─── Data section

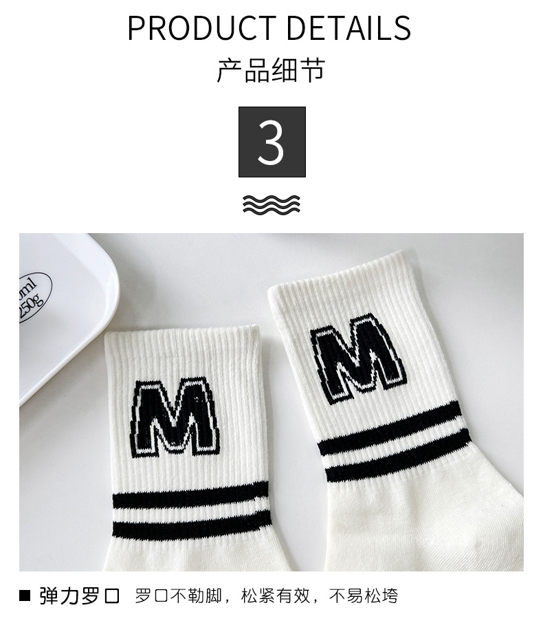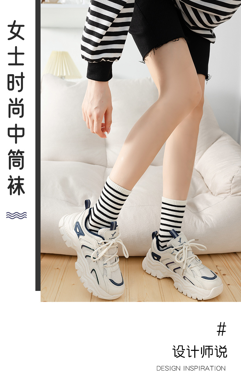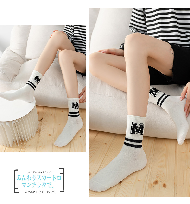Calcetines de primavera, Otoño e Invierno calcetines de mujer a media pierna de mujer de color sólido calcetines de algodón a rayas en blanco y negro calcetines de algodón casuales deportivos
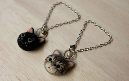 先日トラ猫のトラくん・黒猫のクロちゃんのマスコットをオーダーいただいたお客さまから、追加オーダーをいただきました! 当初から「フェイスも気になるんです」とおっしゃっていて、やっぱりお願いします、とのこと アイテムはブローチでもシュシュでもバッグチャームでも、お好きなものにできますよ〜とお伝えしたところ、バッグチャームでのご注文となりました フェイスタイプですと、顔のサイズがかなり大きくなりますので、間延びしないようにしつつも、こまかい作業が可能なので、特にトラくんは、できるかぎり柄もし...
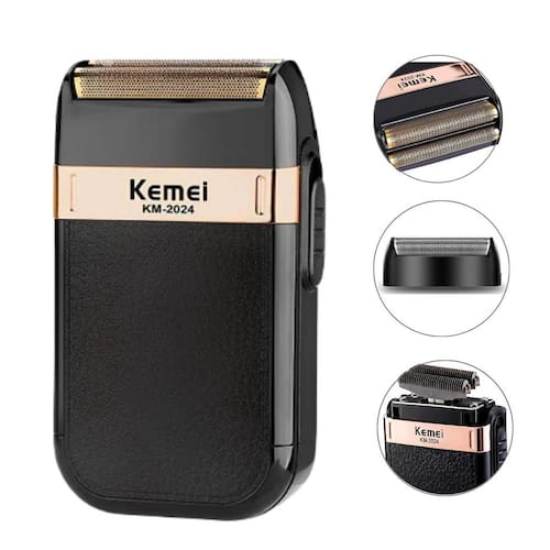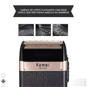 Aparelho de Barbear Kemei KM2024 - Profissional e Elétrico Conheça o incrível barbeador Kemei Km-2024 e desfrute de um produto desenvolvido para profissionais. Com ele você consegue resultados mais rápidos e precisos além do conforto no manuseio. Se você sente incômodo ao se barbear com Gillete ou Navalha o Kemei KM-2024, é o barbeador elétrico perfeito, pois corta os pelos diretamente na raiz deixando a pele lisa, sem causar irritação ou cortes, e também pode ser para depilar partes do corpo e cabeça. Além de você poder levar para qualquer lugar por ser pequeno, também possui uma entrada USB, para facilitar o carregamento. Sua incrível bateria de lítio faz com que carregue por completo em 8 horas e tenha uma autonomia de aproximadamente 60 minutos de uso contínuo. Especificações Técnicas Marca: Kemei Modelo: KM-2024 LED de carregamento luz lembrete Lâmina de aço de carbono Tempo de Recarga: 8 Horas Tempo de Uso: 60 Minutos Potência Motor: 3W Tensão: 110/220v Tipo: Bateria Recarregável Itens Inclusos 1 Barbeador KM-2024 1 Cabo USB 1 Escovinha de Limpeza 1 Bolsa 1 Tampa Protetiva para o Barbeador ================================ Dúvidas Frequentes - É Bivolt e Sem Fio Sim Suporta 110 e 220 volts, e também pode ser Utilizado sem fio. Mas se quiser utilizar carregando também é possível. - O produto é resistente Trabalhamos apenas com produtos com material de altíssima qualidade, durabilidade e procedência. - Serve para barbas grandes O recomendado é que utilize o aparelho somente em pelos menores, ou para finalizar o formato que deseja, mas nunca aparar barbas maiores. Marca: Não Informado
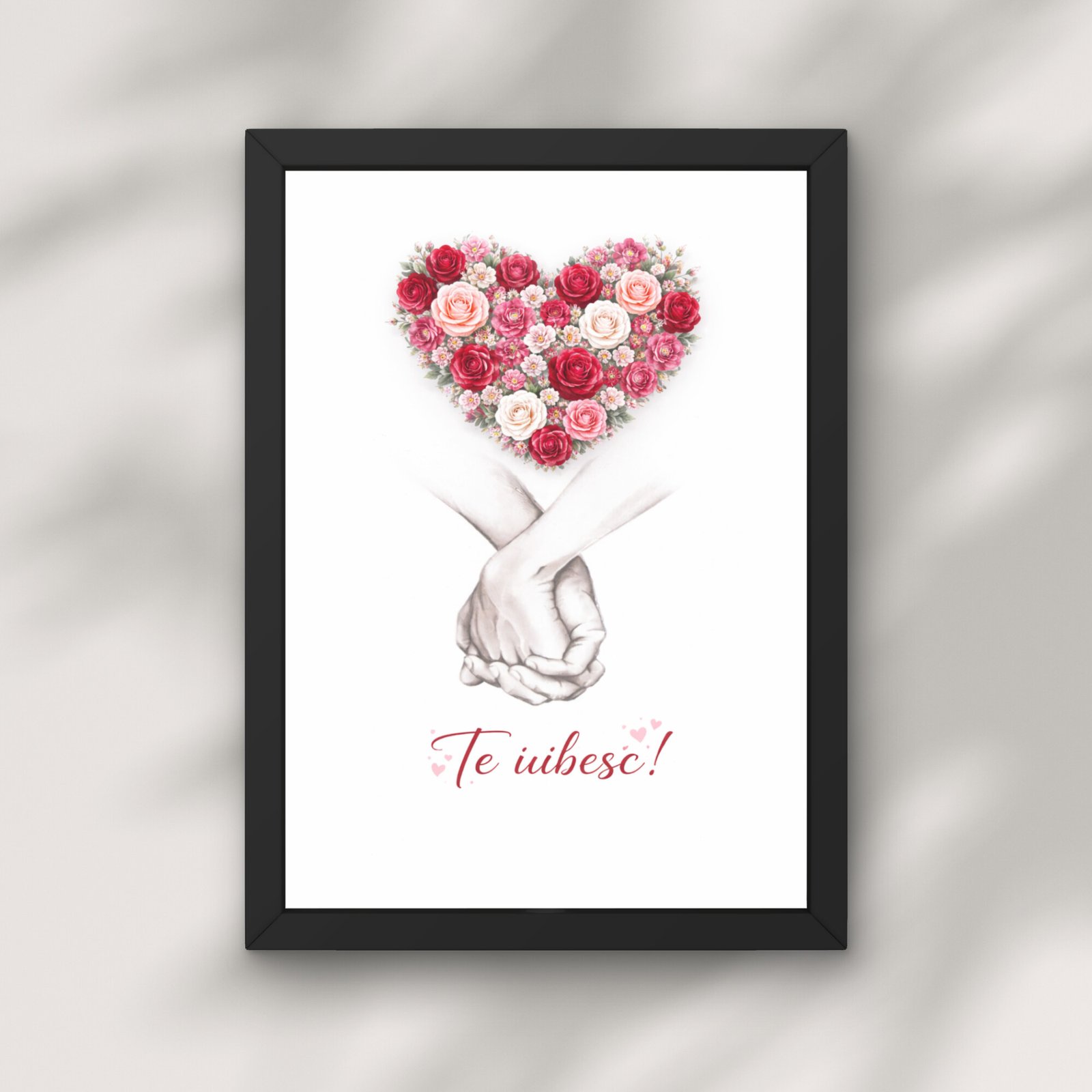 Ilustrația transmite conexiune, protecție și apartenență: două mâini unite, susținând o inimă florală bogată, simbol al iubirii cultivate în timp. Mesajul „Te iubesc!” completează armonios compoziția, fără a deveni strident sau comercial.
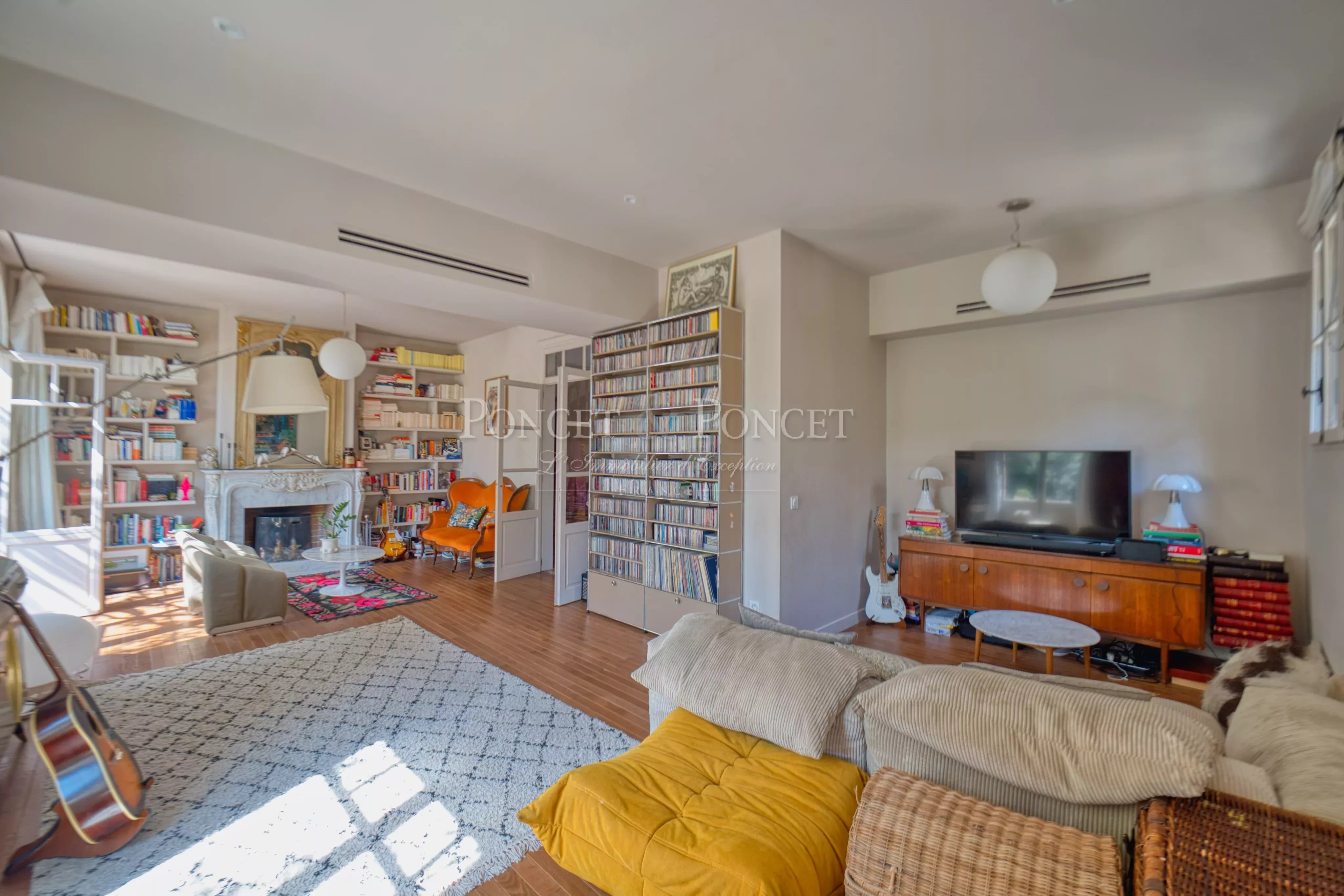 The generously proportioned living room is arranged around a functional fireplace and a bespoke built-in library, creating an atmosphere that is both intimate and sophisticated.
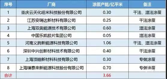 根據(jù)公開數(shù)據(jù)統(tǒng)計,我國目前大約有8家企業(yè)在量產(chǎn)涂覆隔膜,涂覆產(chǎn)能超過3.5億平米。
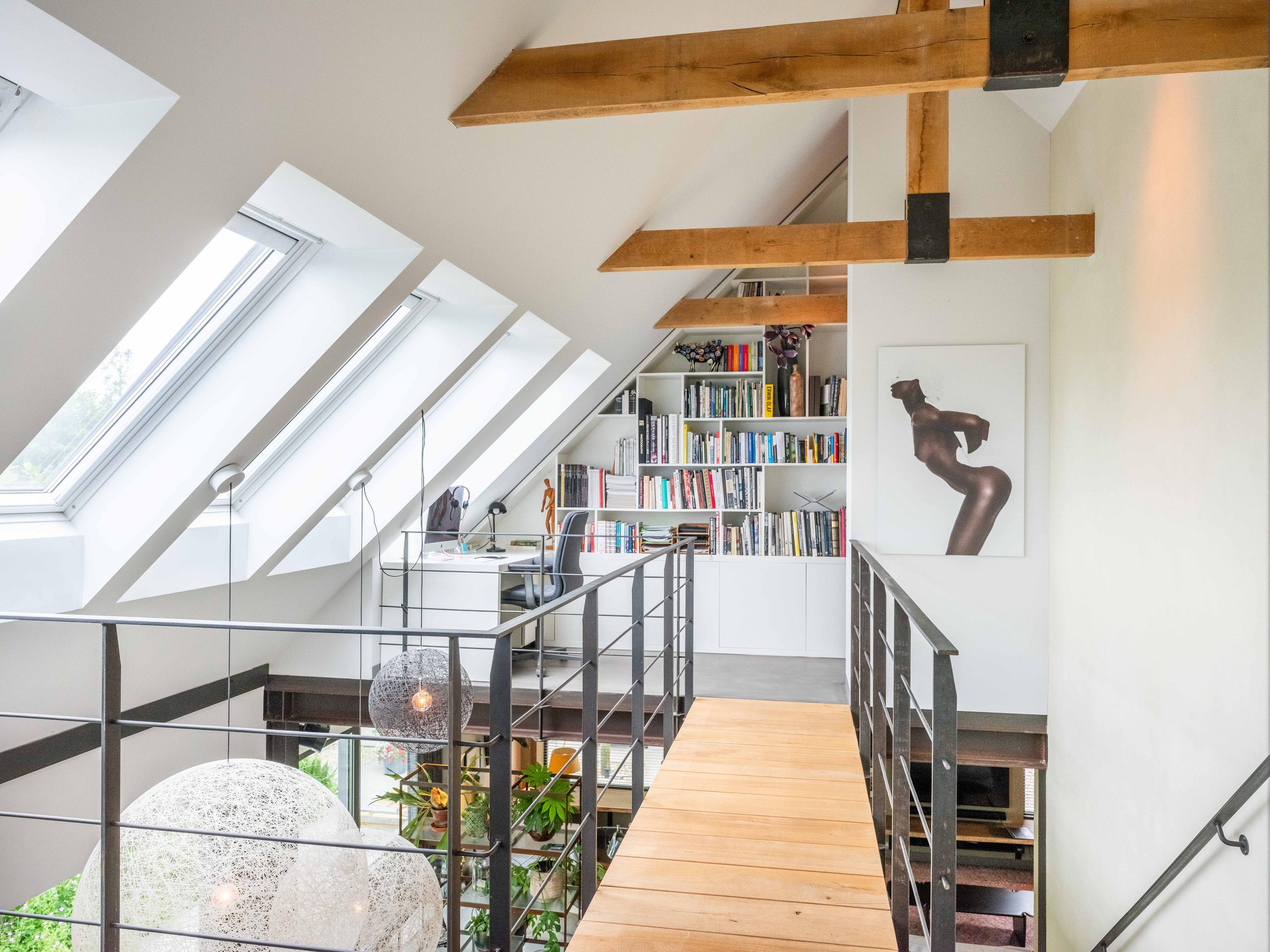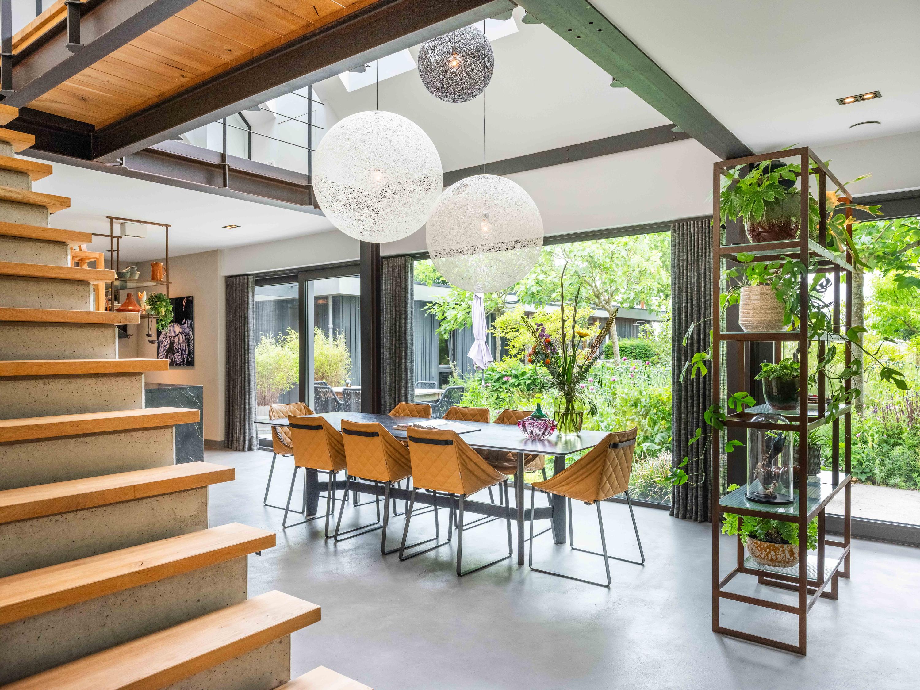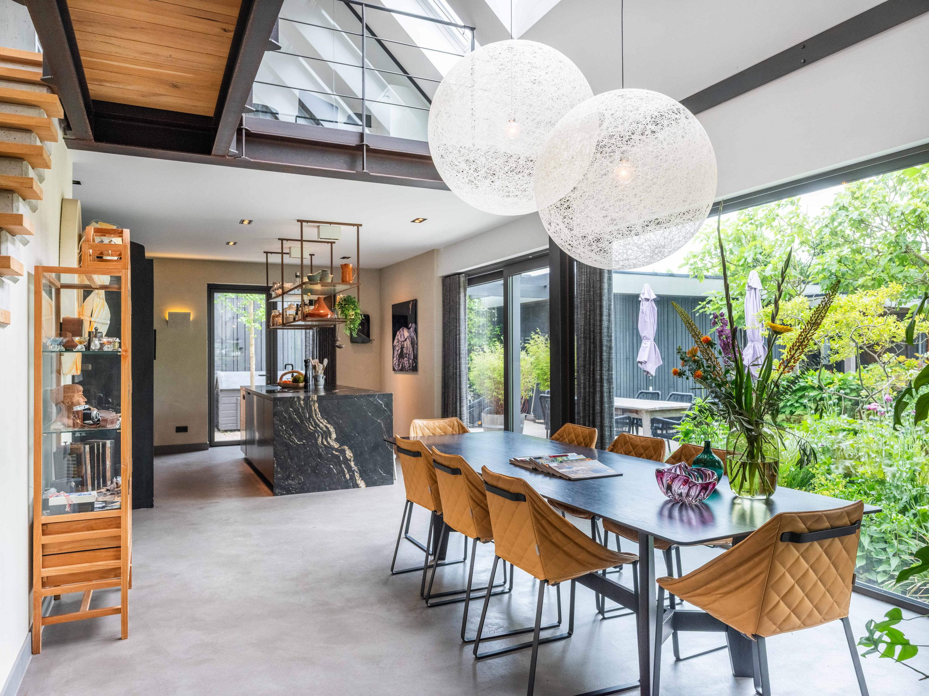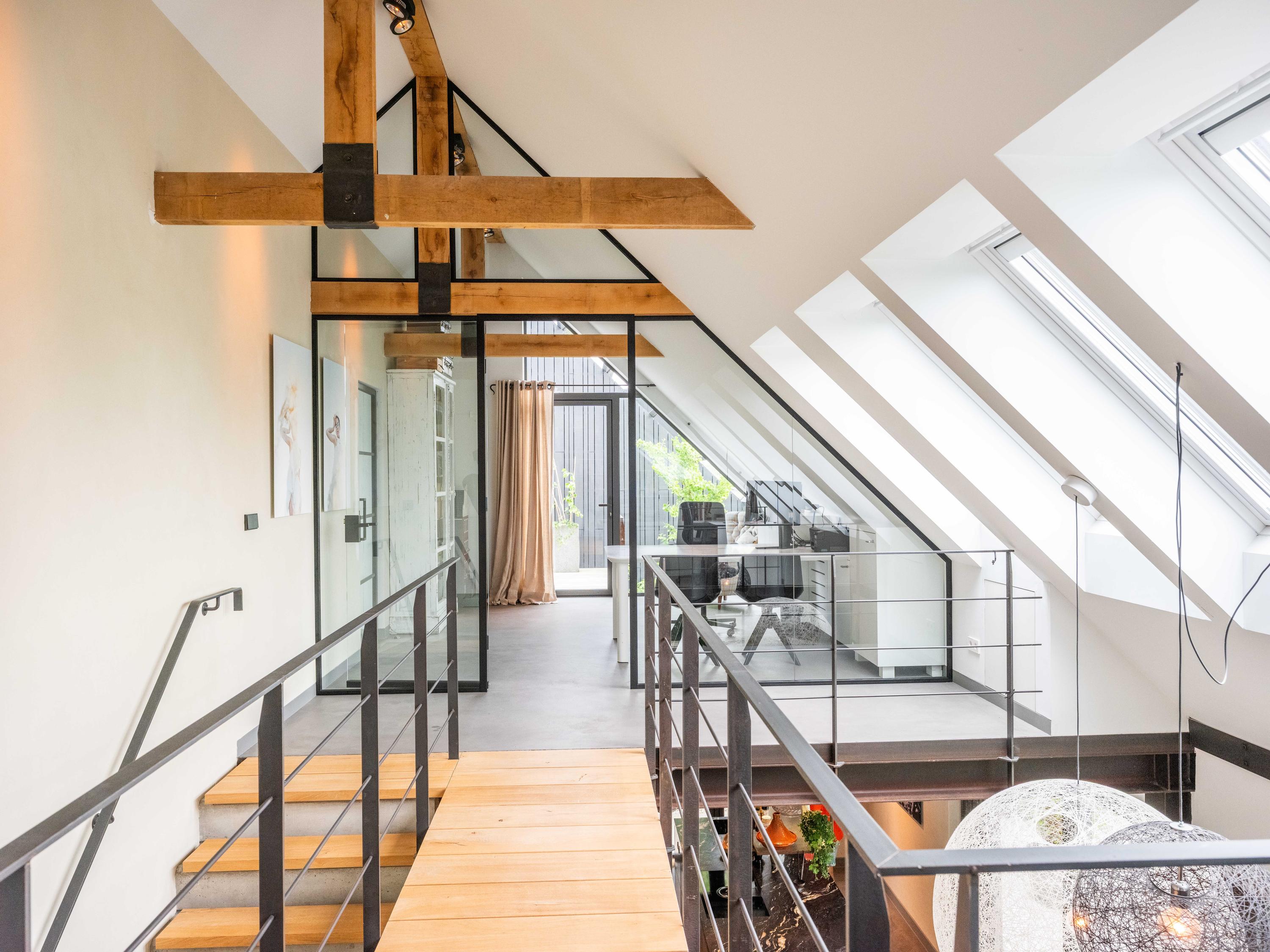 We nemen u graag mee naar binnen. Via de entree betreden we de sfeervolle woonkamer met open keuken. De keuken is volledig uitgerust en biedt alles wat het hart van de kookliefhebber begeert. Wat direct opvalt, zijn de grote raampartijen die zorgen voor een prachtige lichtinval en een weids uitzicht op de groene tuin en de omliggende weilanden. Ook de trap naar de verdieping is een ware blikvanger – een architectonisch hoogstandje dat karakter toevoegt aan de ruimte. Het huis is als een loft opgezet met volledig open karakter.
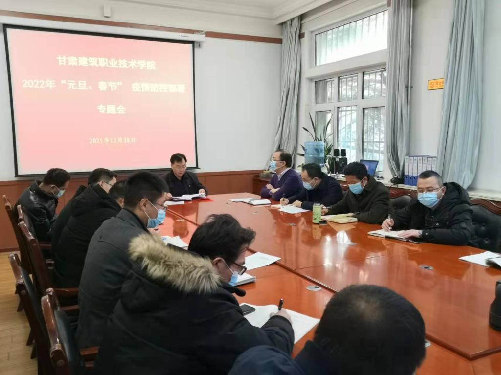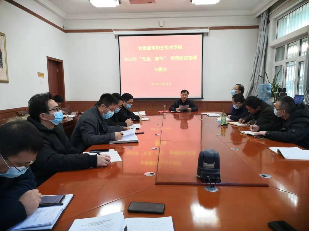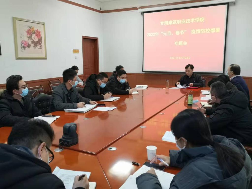 为全面贯彻落实甘肃省2022年元旦春节期间新冠肺炎疫情防控工作部署要求,切实做好学院2022年元旦及寒假期间疫情防控工作,根据相关要求,12月28日,学院疫情防控领导小组召开了2022年“元旦、春节”疫情防控部署专题会,党委委员、副院长高忠有主持会议,组织人事处、学生处、教务处、各系书记、保卫处等相关部门负责人参加了会议。
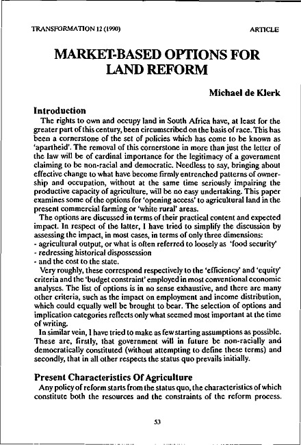 The author assumes that the land question in South Africa can and must be resolved through reform that rigorously considers market constraints and production needs while assisting black small farmers.
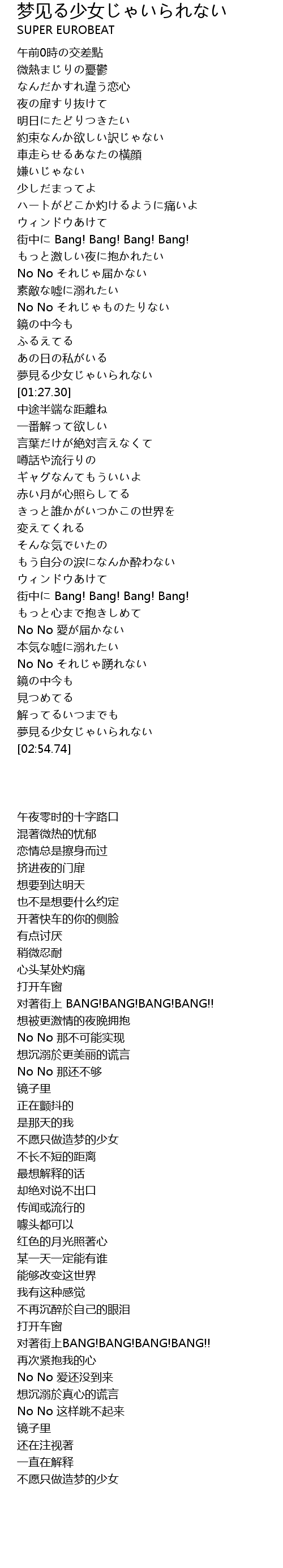 | [02:26.72] | 街中に Bang! Bang! Bang! Bang! |

──────

→ **Your assignment**
Restate the listing above word for word. Leave the images out.

→ **Solution for this task**
Calcetines de primavera, Otoño e Invierno calcetines de mujer a media pierna de mujer de color sólido calcetines de algodón a rayas en blanco y negro calcetines de algodón casuales deportivos
 先日トラ猫のトラくん・黒猫のクロちゃんのマスコットをオーダーいただいたお客さまから、追加オーダーをいただきました! 当初から「フェイスも気になるんです」とおっしゃっていて、やっぱりお願いします、とのこと アイテムはブローチでもシュシュでもバッグチャームでも、お好きなものにできますよ〜とお伝えしたところ、バッグチャームでのご注文となりました フェイスタイプですと、顔のサイズがかなり大きくなりますので、間延びしないようにしつつも、こまかい作業が可能なので、特にトラくんは、できるかぎり柄もし...
 Aparelho de Barbear Kemei KM2024 - Profissional e Elétrico Conheça o incrível barbeador Kemei Km-2024 e desfrute de um produto desenvolvido para profissionais. Com ele você consegue resultados mais rápidos e precisos além do conforto no manuseio. Se você sente incômodo ao se barbear com Gillete ou Navalha o Kemei KM-2024, é o barbeador elétrico perfeito, pois corta os pelos diretamente na raiz deixando a pele lisa, sem causar irritação ou cortes, e também pode ser para depilar partes do corpo e cabeça. Além de você poder levar para qualquer lugar por ser pequeno, também possui uma entrada USB, para facilitar o carregamento. Sua incrível bateria de lítio faz com que carregue por completo em 8 horas e tenha uma autonomia de aproximadamente 60 minutos de uso contínuo. Especificações Técnicas Marca: Kemei Modelo: KM-2024 LED de carregamento luz lembrete Lâmina de aço de carbono Tempo de Recarga: 8 Horas Tempo de Uso: 60 Minutos Potência Motor: 3W Tensão: 110/220v Tipo: Bateria Recarregável Itens Inclusos 1 Barbeador KM-2024 1 Cabo USB 1 Escovinha de Limpeza 1 Bolsa 1 Tampa Protetiva para o Barbeador ================================ Dúvidas Frequentes - É Bivolt e Sem Fio Sim Suporta 110 e 220 volts, e também pode ser Utilizado sem fio. Mas se quiser utilizar carregando também é possível. - O produto é resistente Trabalhamos apenas com produtos com material de altíssima qualidade, durabilidade e procedência. - Serve para barbas grandes O recomendado é que utilize o aparelho somente em pelos menores, ou para finalizar o formato que deseja, mas nunca aparar barbas maiores. Marca: Não Informado
 Ilustrația transmite conexiune, protecție și apartenență: două mâini unite, susținând o inimă florală bogată, simbol al iubirii cultivate în timp. Mesajul „Te iubesc!” completează armonios compoziția, fără a deveni strident sau comercial.
 The generously proportioned living room is arranged around a functional fireplace and a bespoke built-in library, creating an atmosphere that is both intimate and sophisticated.
 根據(jù)公開數(shù)據(jù)統(tǒng)計,我國目前大約有8家企業(yè)在量產(chǎn)涂覆隔膜,涂覆產(chǎn)能超過3.5億平米。
 We nemen u graag mee naar binnen. Via de entree betreden we de sfeervolle woonkamer met open keuken. De keuken is volledig uitgerust en biedt alles wat het hart van de kookliefhebber begeert. Wat direct opvalt, zijn de grote raampartijen die zorgen voor een prachtige lichtinval en een weids uitzicht op de groene tuin en de omliggende weilanden. Ook de trap naar de verdieping is een ware blikvanger – een architectonisch hoogstandje dat karakter toevoegt aan de ruimte. Het huis is als een loft opgezet met volledig open karakter.
 为全面贯彻落实甘肃省2022年元旦春节期间新冠肺炎疫情防控工作部署要求,切实做好学院2022年元旦及寒假期间疫情防控工作,根据相关要求,12月28日,学院疫情防控领导小组召开了2022年“元旦、春节”疫情防控部署专题会,党委委员、副院长高忠有主持会议,组织人事处、学生处、教务处、各系书记、保卫处等相关部门负责人参加了会议。
 The author assumes that the land question in South Africa can and must be resolved through reform that rigorously considers market constraints and production needs while assisting black small farmers.
 | [02:26.72] | 街中に Bang! Bang! Bang! Bang! |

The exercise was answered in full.